YOUR GOAL:
Would you please output, word for word, the span of the listing below that opens on the line containing "おはようございます、ブライダ" and closes on the line containing "AZCL系列智能集成式諧波抑"? Include both ends and nothing more.

DATA EXTRACTS:
· · · ·
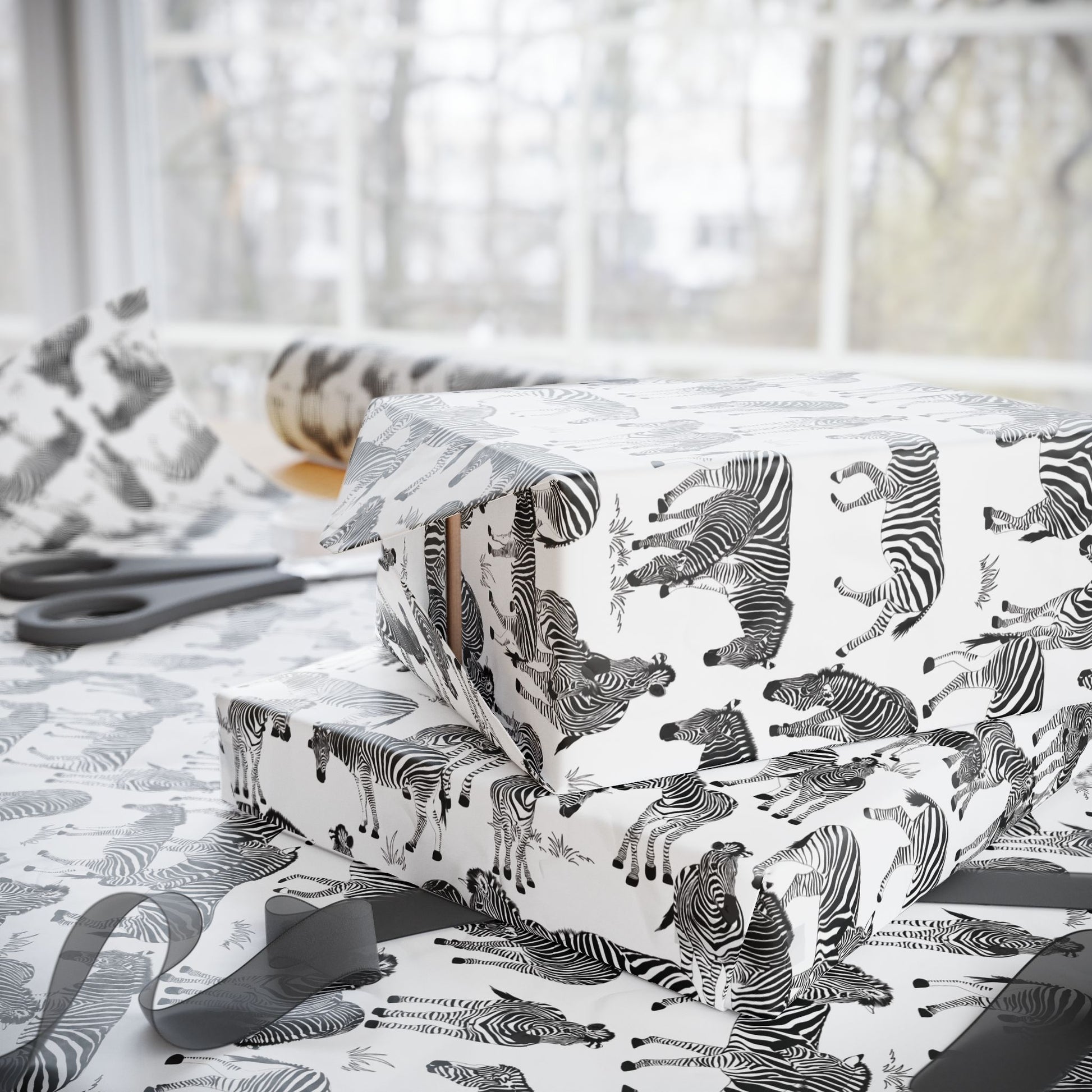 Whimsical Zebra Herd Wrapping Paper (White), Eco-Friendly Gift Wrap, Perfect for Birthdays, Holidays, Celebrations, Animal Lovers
· · · ·
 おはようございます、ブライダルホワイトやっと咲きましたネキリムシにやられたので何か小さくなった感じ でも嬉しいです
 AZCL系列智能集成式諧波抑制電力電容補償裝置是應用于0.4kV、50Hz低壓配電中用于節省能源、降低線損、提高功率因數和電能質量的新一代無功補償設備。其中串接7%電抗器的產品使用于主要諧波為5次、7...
· · · ·
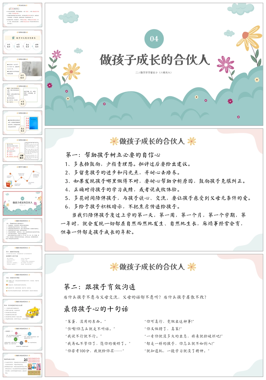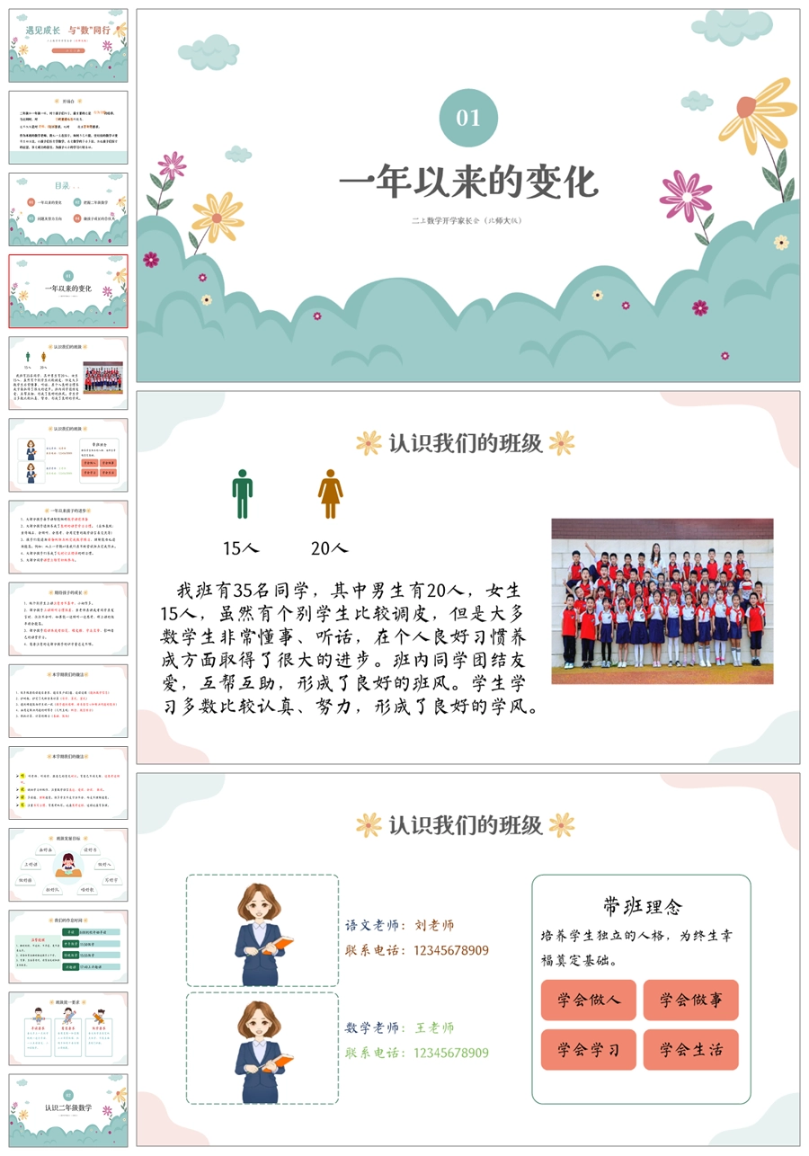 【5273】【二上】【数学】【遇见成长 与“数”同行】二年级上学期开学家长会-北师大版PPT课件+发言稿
· · · ·
SOLUTION TO THIS EXERCISE:
 おはようございます、ブライダルホワイトやっと咲きましたネキリムシにやられたので何か小さくなった感じ でも嬉しいです
 AZCL系列智能集成式諧波抑制電力電容補償裝置是應用于0.4kV、50Hz低壓配電中用于節省能源、降低線損、提高功率因數和電能質量的新一代無功補償設備。其中串接7%電抗器的產品使用于主要諧波為5次、7...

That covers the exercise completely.